The current study is a post hoc analysis of a subgroup of patients in RE-LY receiving dabigatran (either 110 or 150 mg bid) or warfarin plus an antiplatelet agent. Antiplatelet therapy was defined as the use of either aspirin or clopidogrel at any time during the study period.
Presenting the findings at the European Society of Cardiology annual congress, in Paris, France, Dans reported that the hazard ratio (HR) for the primary efficacy endpoint among patients on dabigatran 150 mg and an antiplatelet agent versus warfarin was 0.80. Rates of bleeding were similar between the groups (HR=0.93).
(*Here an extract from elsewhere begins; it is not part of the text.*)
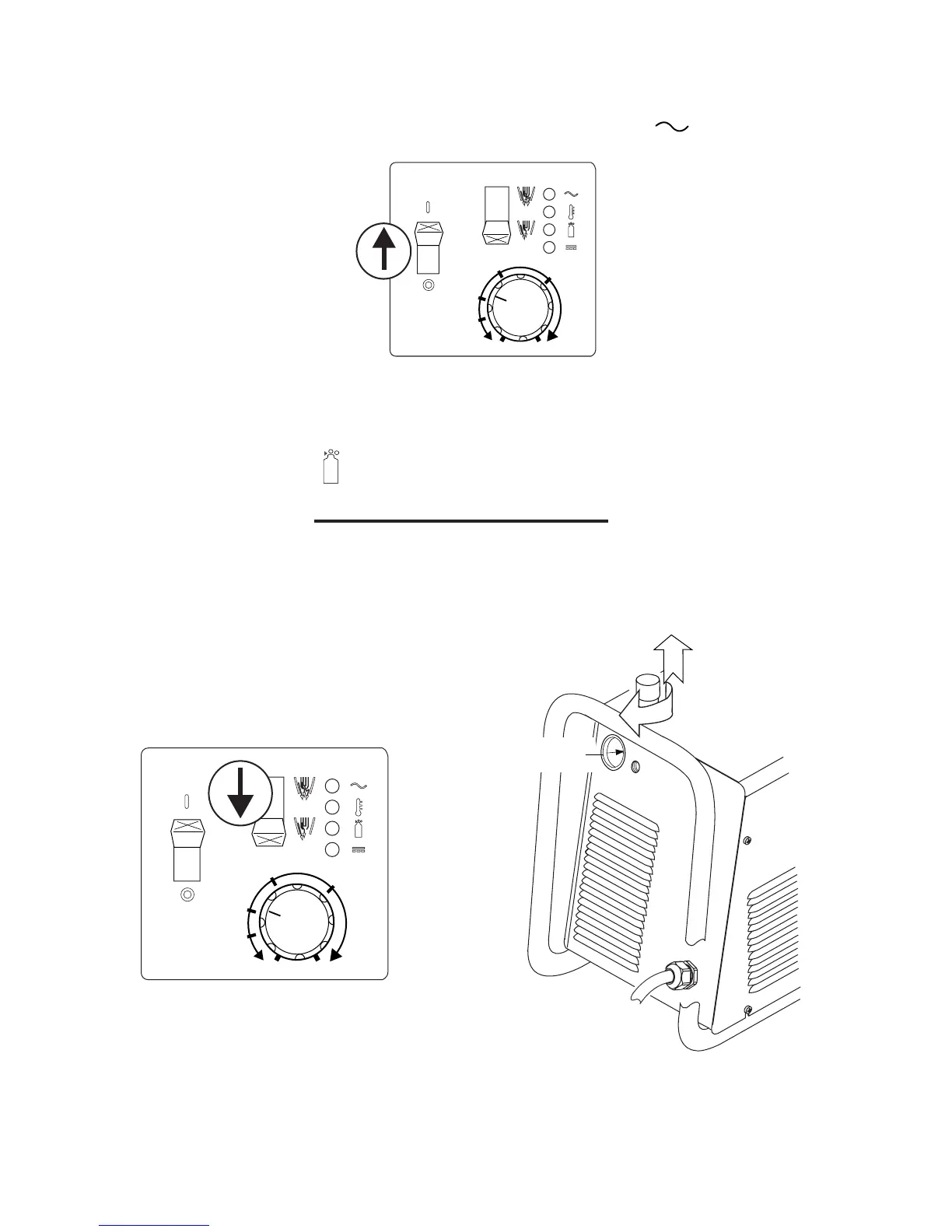 Place the Power Supply RUN / SET switch to the SET (down) position. Gas will flow. Adjust gas pressure to 65
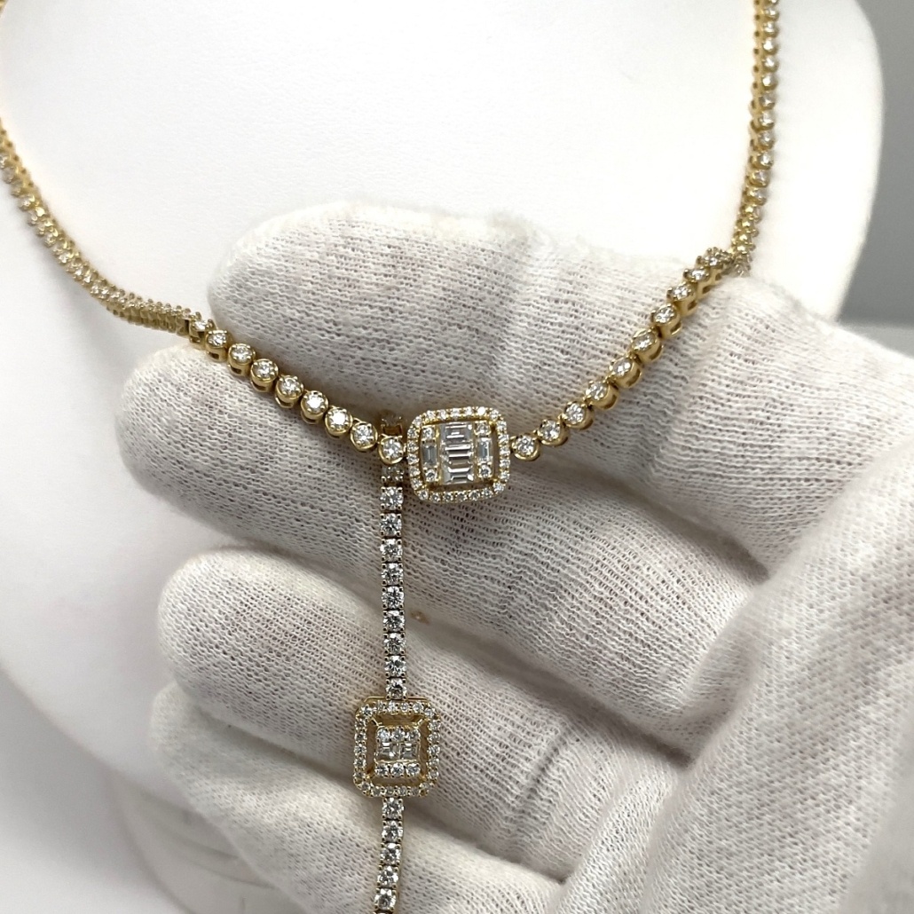 This necklace is made with 18k yellow gold. Each link is a four prong set round brilliant diamond . The center of the necklace is a baquette crown – a cluster of diamonds made with small baguette cut diamonds surrounded by small round brilliant cut diamonds.

Dabigatran 110 mg bid was comparable in efficacy to warfarin among patients on antiplatelet therapy (HR=0.93). Patients on the lower dabigatran dose had a non-significant reduction in major bleeding versus warfarin (HR=0.82).
In all treatment arms, concomitant antiplatelet therapy increased major bleeding risk, at HRs of 1.5-1.7, but the risk increases did not differ among the treatment groups.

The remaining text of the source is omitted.